The solution seems to work if you break up your plugins function into two parts. One part will init 3rd party plugins like #Hapi/*. The other function will init your 1st party plugins that you wrote. You will only init the 3rd party plugins in your start function.
It's critical that you include { once: true } because that will prevent your error. It will only initialize the plugin once, which will prevent your error. You cannot always specify { once: true } on 3rd party plugins. Thus, we have to handle that a different way. Since we moved all the 3rd party plugins to their own function, which is invoked on start, that should prevent 3rd party plugins from causing an issue of being reinitialized.

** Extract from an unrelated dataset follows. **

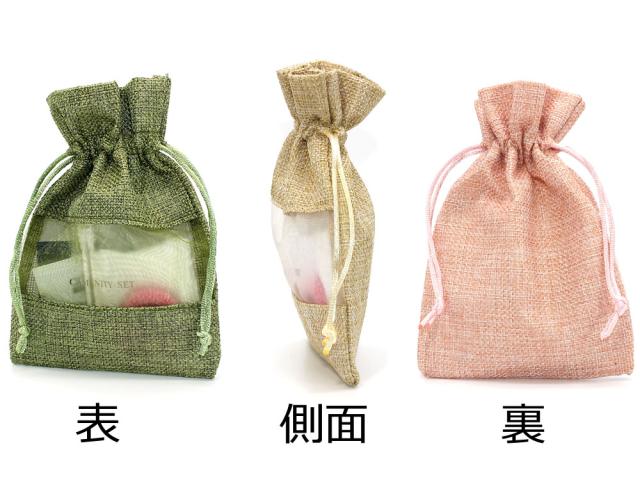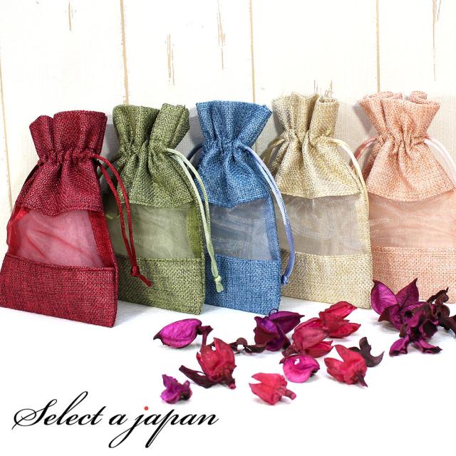 『10個』 巾着袋 (11cm×16cm) 麻布×オーガンジー ラッピング 包装 巾着ポーチ 小物入れ 赤 ピンク ベージュ 緑 青 レッド グリーン ブルー マスク入れ マスクケース 持ち運び おしゃれ かわいい 折りたたみ 携帯 ラッピング材 プレゼント ギフトバッグ 梱包 包装 贈り物

const hapiPlugins = async () => {
const pluginsToRegister = [
inert,
vision,
require("hapi-mobile-views"),
{ plugin: Crumb, options: { cookieOptions: { isSecure: false } } },
Scooter,
{
plugin: Blankie,
options: {} // specify options here
}
];
};
const myPlugins = async () => {
await server.register([
allOfMyPlugins...
],
{
once: true //critical so that you don't re-init your plugins
});
};
const init = async () => {
server.state("player", {
ttl: null,
clearInvalid: true,
isSecure: false
});
server.views({
engines: { ejs: Ejs },
path: `${__dirname}/views`,
layout: "layout"
});
await server.route(routes);
return server;
};
const start = async () => {
try {
await hapiPlugins();
await init();
await server.start();
} catch (err) {
console.log(err);
process.exit(1);
}
};
Then, you should be able to call init in your test's before function. Use that server object to inject.